The following figure shows the baseline performance of the 11 pre-training models on CBLUE:



As shown in the table above, better performance can be achieved with a larger pre-trained language model. In some tasks, models using full-word masking did not perform better than others, such as CTC, QIC, QTR, and QQR, indicating that the tasks in CBLUE were somewhat challenging and needed to be solved by a better model. In addition, we find that Albert-Tiny achieves comparable performance to the base model in CDN, STS, QTR and QQR tasks, indicating that smaller models may also be effective in specific tasks. Finally, we note that the performance of the medical pre-training language model, PCL-Medbert, is not as good as expected, which further demonstrates the difficulty of CBLUE and that current models may not be able to achieve excellent results quickly.

6. Conclusion

The goal of the CBLUE challenge list is to enable researchers to effectively use the data of real scenes under the concept of legality, openness and sharing, and to make researchers pay more attention to the generalization performance of the model through the setting of multi-task scenes. It is also hoped that the publicly available baseline evaluation code will contribute to the technological advancement of the medical AI community. Baseline code address is: https://github.com/CBLUEbenchmark/CBLUE, it is helpful to think of the reader can star this project. Hope in the mutton bustin challenge on the list of friends please click: https://tianchi.aliyun.com/specials/promotion/2021chinesemedicalnlpleaderboardchallenge

Reference 7.

[1].https://mp.weixin.qq.com/s/wIqPaa7WBgkxUGLku0RBEw

[2]. https://arxiv.org/pdf/2106.08087.pdf

[3]. https://github.com/CBLUEbenchmark/CBLUE

[4]. Jacob Devlin, Ming-Wei Chang, Kenton Lee, and Kristina Toutanova. Bert: Pre-training of deep bidirectional transformers for language understanding. In NAACL-HLT, 2018.

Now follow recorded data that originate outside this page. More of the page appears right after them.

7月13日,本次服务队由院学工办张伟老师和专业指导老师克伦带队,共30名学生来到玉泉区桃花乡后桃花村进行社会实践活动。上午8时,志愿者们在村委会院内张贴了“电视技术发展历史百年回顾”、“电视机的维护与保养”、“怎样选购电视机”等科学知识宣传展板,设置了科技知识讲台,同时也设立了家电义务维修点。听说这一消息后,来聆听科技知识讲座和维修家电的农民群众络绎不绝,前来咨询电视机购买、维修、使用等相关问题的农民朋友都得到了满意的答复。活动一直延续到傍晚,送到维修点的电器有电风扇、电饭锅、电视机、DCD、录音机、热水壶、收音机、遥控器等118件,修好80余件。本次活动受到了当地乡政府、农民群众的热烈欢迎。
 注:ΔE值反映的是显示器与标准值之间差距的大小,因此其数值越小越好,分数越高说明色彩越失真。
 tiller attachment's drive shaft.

[5]. Yiming Cui, Wanxiang Che, Ting Liu, Bing Qin, Ziqing Yang, Shijin Wang, and Guoping Hu. Pre-training with whole word masking for chinese bert. arXiv preprint arXiv:1906.08101, 2019.

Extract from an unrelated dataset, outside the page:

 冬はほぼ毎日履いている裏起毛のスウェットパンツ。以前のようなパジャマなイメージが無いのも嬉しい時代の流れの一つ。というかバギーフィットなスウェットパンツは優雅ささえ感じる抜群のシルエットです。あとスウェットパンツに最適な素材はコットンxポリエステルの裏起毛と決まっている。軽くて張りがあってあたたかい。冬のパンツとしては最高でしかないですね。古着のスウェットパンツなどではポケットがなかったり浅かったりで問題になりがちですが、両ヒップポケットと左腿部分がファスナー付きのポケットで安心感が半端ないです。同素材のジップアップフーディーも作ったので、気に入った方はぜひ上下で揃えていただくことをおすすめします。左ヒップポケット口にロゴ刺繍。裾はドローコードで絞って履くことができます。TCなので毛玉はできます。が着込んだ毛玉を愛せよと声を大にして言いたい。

[6]. Yinhan Liu, Myle Ott, Naman Goyal, Jingfei Du, Mandar Joshi, Danqi Chen, Omer Levy, Mike Lewis, Luke Zettlemoyer, Arxiv Preprint Arxiv :1907.11692, 2019. Arxiv Preprint Arxiv :1907.11692, 2019. Arxiv Preprint Arxiv :1907.11692, 2019

[7]. Zhenzhong Lan, Mingda Chen, Sebastian Goodman, Kevin Gimpel, Piyush Sharma, and Radu Soricut. Albert: A lite bert for self-supervised learning of language representations. arXiv preprint arXiv:1909.11942, 2019.

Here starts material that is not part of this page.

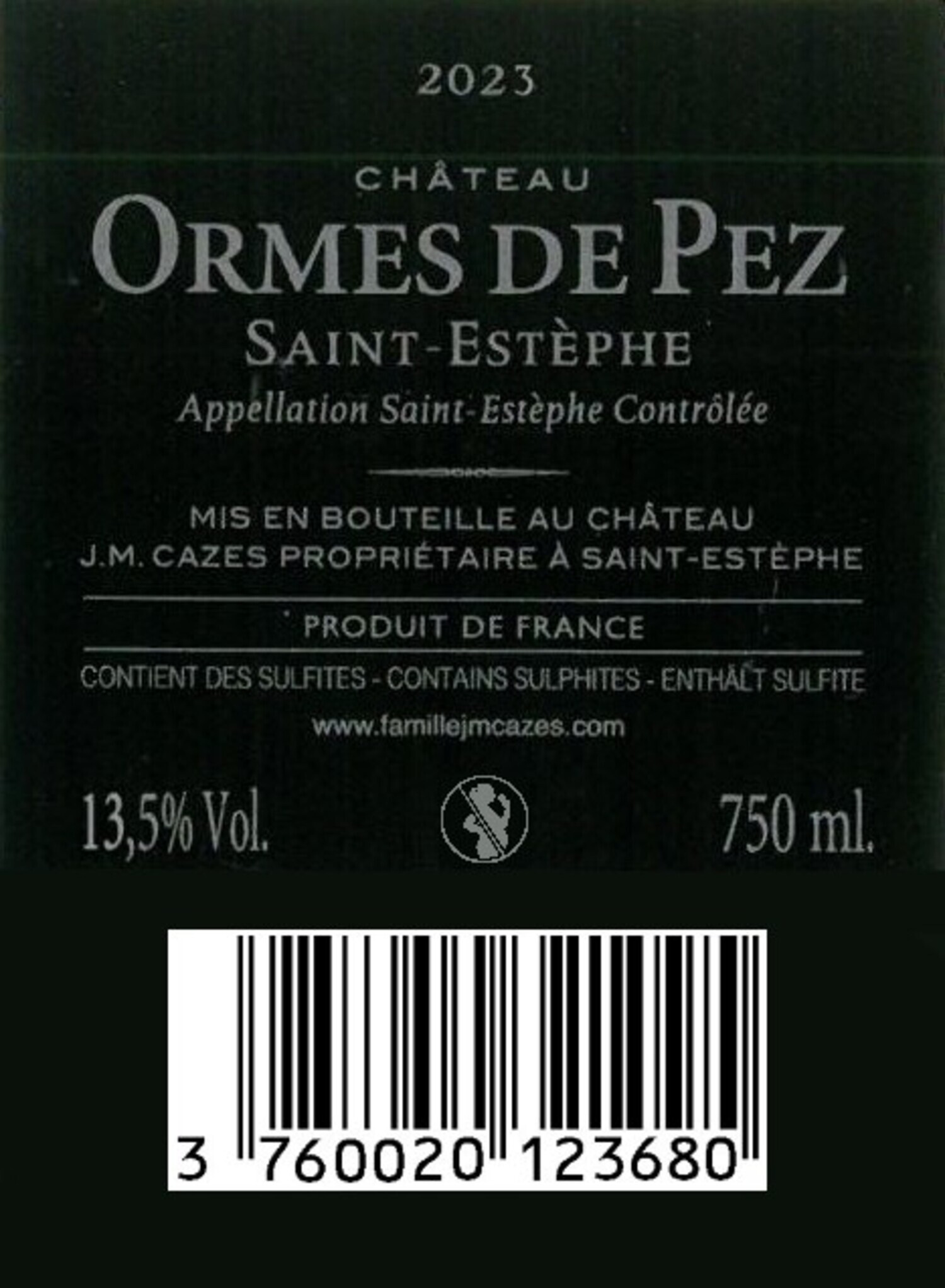 | Libellé | Château Ormes De Pez, 2023 - Saint-Estèphe AOP - Rouge - 75 cl |

[8]. Shizhe Diao, Jiaxin Bai, Y an Song, Tong Zhang, and Y onggang Wang. Zen: pre-training chinese text encoder enhanced by n-gram representations. arXiv preprint arXiv:1911.00720, 2019.

[9]. Yiming Cui, Wanxiang Che, Ting Liu, Bing Qin, Shijin Wang, Arxiv Preprint Arxiv :2004.13922, and Guoping Hu. Revisiting pre-trained models for Chinese natural language processing. 2020.